Last week, both The Phoenix and Voices published articles documenting histories of racist, sexist, and homophobic practices within Phi Psi during 2013 and 2014, along with documents describing their pledging process, all from leaked internal documents. Since then, Swat alums — both former fraternity members and not — have spoken out against the continued existence of the college’s fraternities. Students have protested at a Task Force meeting, Andrew Barclay’s office, and Nathan Miller’s office. Petitions have circulated amongst students and alumni. Still, the fraternities are not (at least superficially) the central part of campus life — fewer than 10% of the student body are fraternity members, and Swat has no reputation for being a “fratty” school.
But the actions of the frats have an impact on more than just the brothers, or the sports teams, or the regular partygoers.
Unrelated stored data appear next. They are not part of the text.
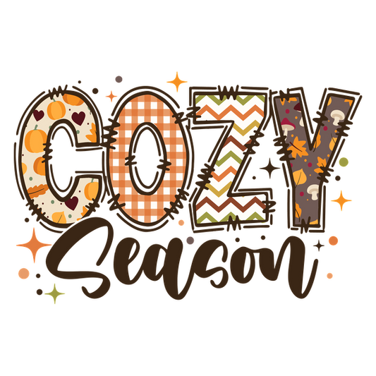 Diseño cálido y festivo "Cozy Season" con patrones divertidos en colores otoñales, ¡perfecto para celebrar las vibraciones del otoño!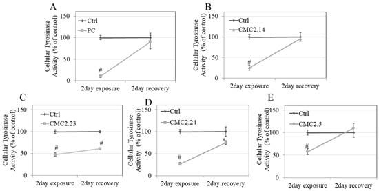 Exposure and recovery study of tyrosinase activity in lysates of B16F10 cells treated with compounds, (A) PC (10 µM); (B) CMC2.14 (10 µM); (C) CMC2.23 (20 µM); (D) CMC2.24 (20 µM), and (E) CMC2.5 (20 µM); # p < 0.01 vs. control at 2-day exposure; # p < 0.01 vs. control at 2-day exposure; * p < 0.05 vs. control at 2 day recovery; All data are mean ± SD (n = 3 per group).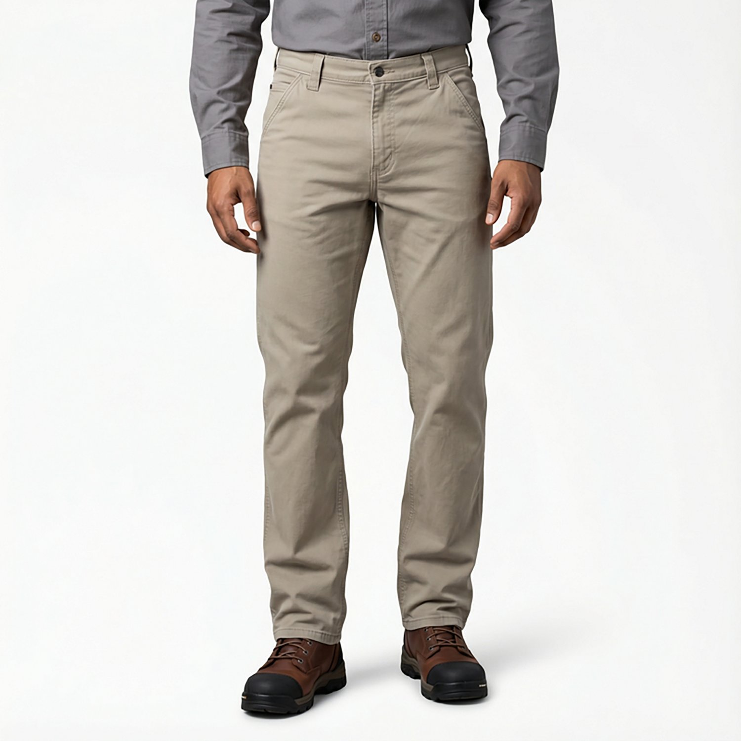 Tackle tough tasks on the jobsite with the Carhartt Men's Rugged Flex Rigby Dungaree Work Pant, which features stretchy, mobility-promoting Rugged Flex® cotton and spandex canvas fabric. This pant also boasts pockets at the front, rear and right side, so you can store essential workplace items. Sewn-on-seam belt loops help you lock in the right fit.

The actions of the frats affect all of us on campus, because the frats have different resources than other student groups on campus, altering the power they have over the Swarthmore social scene. Unlike other groups, frats have guaranteed party spaces in the form of the fraternity houses, which they lease from the college. Unlike other groups, frats can charge dues, providing guaranteed funds for alcohol. Unlike other student groups, frats have a bedroom in their party spaces that members alone control. These spaces and abilities were referenced throughout the leaked documents.
And they are able to host parties despite frequent violations of college policies over time. In the last two years, Phi Psi has been shut down for a full year and on probation for another; D.U. was on probation for several months. In 2013, the college’s fraternity advisor, Tom Elverson, a former D.U. brother, left amid a scandal concerning the mishandling of sexual assault allegations against fraternity members. In 2018, former Dean of Students Liz Braun resigned following protests of her mishandling of allegations as well.
Whether or not you go to frat parties, the fraternities’ presence on campus changes the social context in which Swatties exist. On a given weekend, fraternities are often the only open party space, so the behavior and values of the fraternity matters even more. For students who go to fraternity events, the culture of the fraternity impacts their immediate experience. The culture of a fraternity also determines who feels comfortable in the space, and thus who feels comfortable attending what are often the only open parties. Fraternities have power over social spaces, so their attitudes and actions reverberate not only through party culture, but through campus culture writ large.